La primera dama estadounidense, Laura Bush, confirmó que planea publicar sus memorias y que ya se ha reunido con varias casas editoriales. "He hablado con varias editoras, pero nada ha pasado aún, sólo unas pocas visitas", dijo en una entrevista telefónica para hablar de su programa especial sobre la Casa Blanca, a transmitirse próximamente en el canal de cable History Channel.
A principios de mes la AP reportó un posible libro de Bush citando a tres ejecutivos editoriales al tanto de las negociaciones, que solicitaron anonimato por estar el proyecto en sus etapas iniciales y tratarse de un asunto estrictamente confidencial.
Los ejecutivos dijeron que Bush es representada por el abogado de Washington Robert Barnett, cuyos clientes incluyen al ex presidente Bill Clinton, la senadora Hillary Rodham Clinton y el senador Edward Kennedy.
Barnett, quien trabajó con Bush cuando ella y su hija Jenna colaboraron en un libro para niños, se negó a hacer declaraciones.
Las memorias de Laura Bush podrían ser una versión política de "Garbo Speaks". El público ha estado fascinado con la primera dama, quien dijo poco sobre sí misma y cuya vida ya es un éxito literario a modo de ficción en la novela de Curtis Sittenfeld "American Wife".
Mientras Nancy Reagan ajustó cuentas con viejos enemigos como el ex jefe del estado mayor de la Casa Blanca Donald Regan en "My Turn", un ejecutivo editorial dijo que Laura Bush prometió escribir un libro positivo, con un mínimo de críticas. El ejecutivo pidió no ser identificado, también citando confidencialidad.
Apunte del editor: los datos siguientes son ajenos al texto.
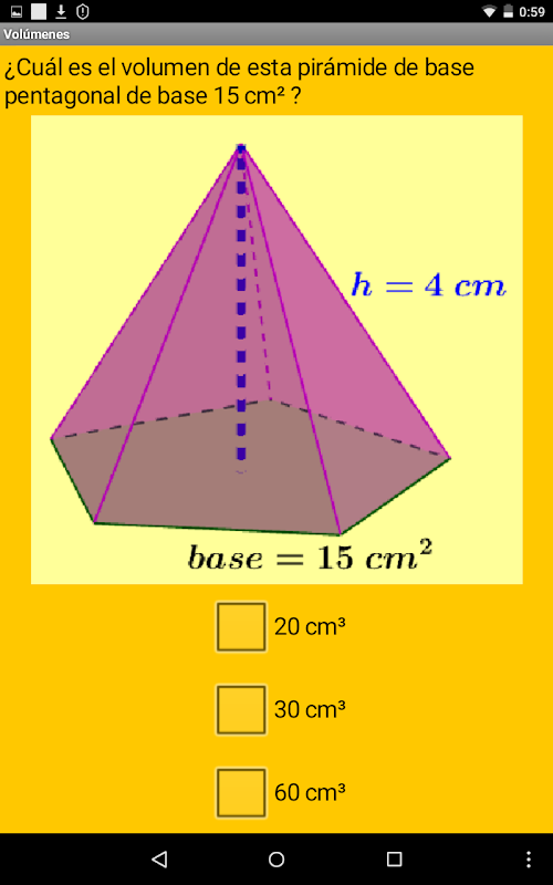 Test de 20 preguntas sobre volúmenes y superficie de cuerpos geométricos

Las editoriales tienen un gran respeto por la primera dama, otrora maestra de escuela conocida por su pasión por la lectura. Un acuerdo para un libro, aún en medio de una crisis económica, podría valer por lo menos tanto como el libro de Hillary Clinton "Living History" (US$8 millones).
Libros de las recientes primeras damas, incluyendo a la suegra de Laura Bush, Barbara Bush, han tenido más atractivo comercial que los de ex presidentes.
El Presidente Bush dijo recientemente que él también quería escribir un libro, pero aún tendría que conseguir una propuesta. Las editoriales, apuntando su bajo nivel de aceptación, lo han exhortado a esperar.